Camacho's stage name was inspired by the Spanish poet Federico García Lorca's concept of duende—that inexplicable, mysterious feeling when a piece of art makes the hair on your arms stand up. This sense of wonder radiates throughout direct line, her voice pirouetting from clear, open tones to deep, rounded wails. Camacho sings about heartache, loneliness, and death while situating love, tenderness, and a relationship with something bigger than herself as antidotes. Camacho, who is Puerto Rican-American and Afro-Latinx, also addresses the pain of racial and gendered oppression while uplifting Black women and celebrating her ancestry through prayer and love. Despite her hardships, she finds salvation in God, in the feeling of sunlight on her face, in a future full of daughters.

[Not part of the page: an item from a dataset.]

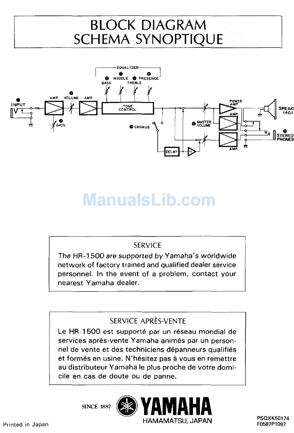 Block Diagram; Service - Yamaha Hr-1500 Owner's Manual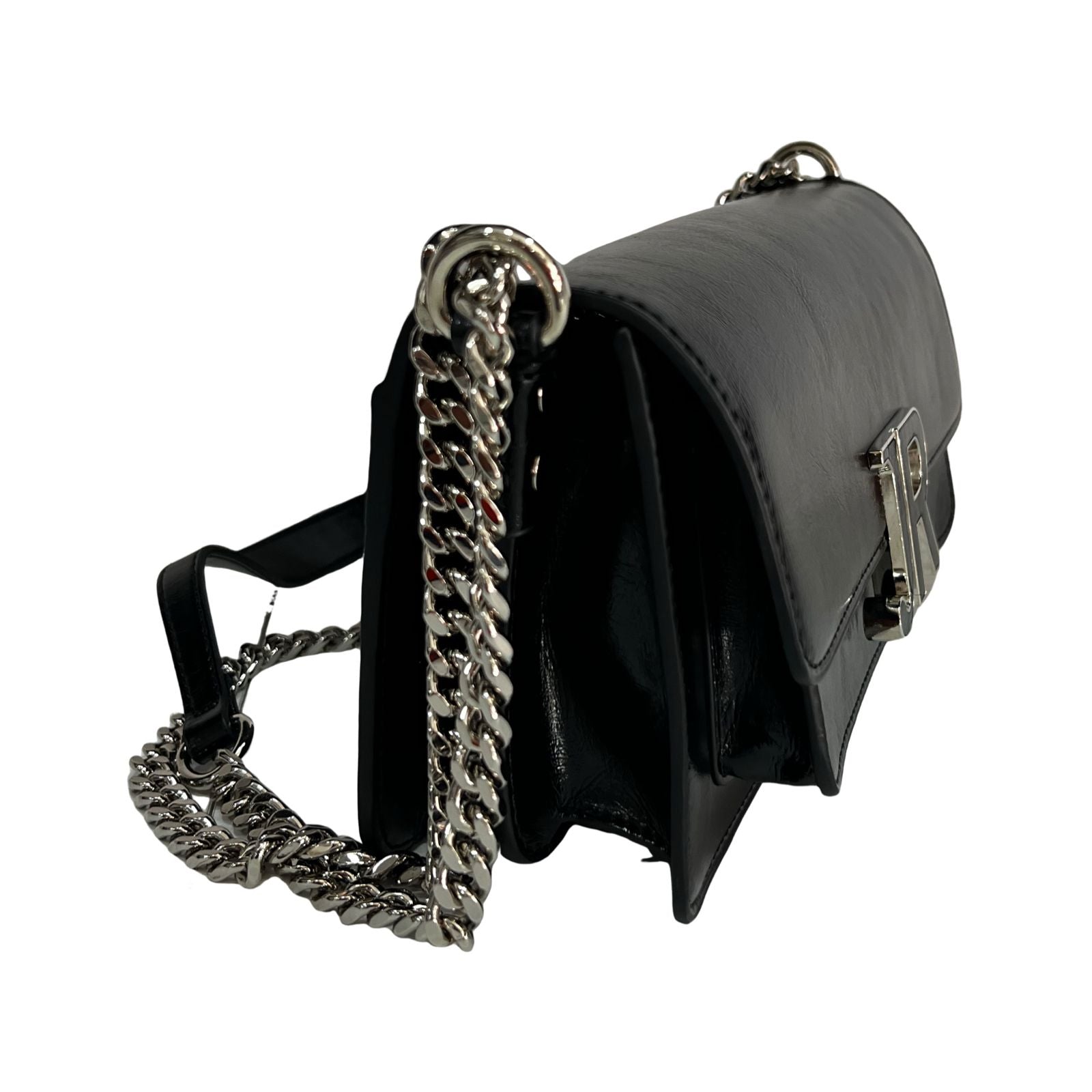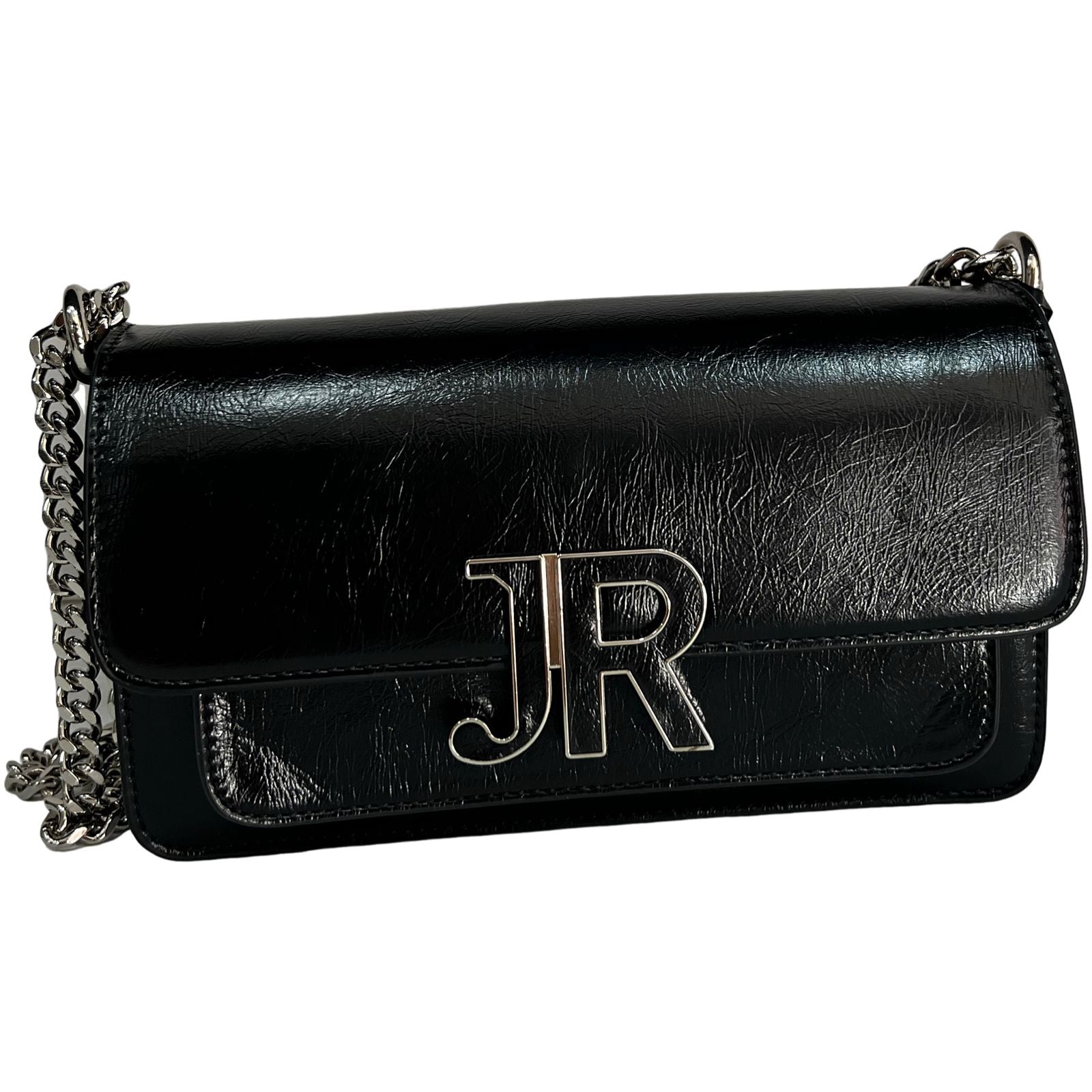 borsa john richmond a tracolla realizzata in ecopelle con finitura liscia e lucida, di forma rettangolare con chiusura a patta sulla parte frontale della borsa presenta il logo metallico ''JR'' elemento distintivo del brand.

"I'm very loving and full of joy, but I'm also depressed all the time," she explains. "Maybe everything that has happened in the world has just created this divided person. I often think, Colonization has divided me this way. I cannot recognize myself. I do not fit in America."
During dinner, Camacho gets emotional telling me about how she was a sad child who often felt she couldn't express herself. Her mother encouraged her to be creative, she says, "not so that I could be something, but so I could be OK."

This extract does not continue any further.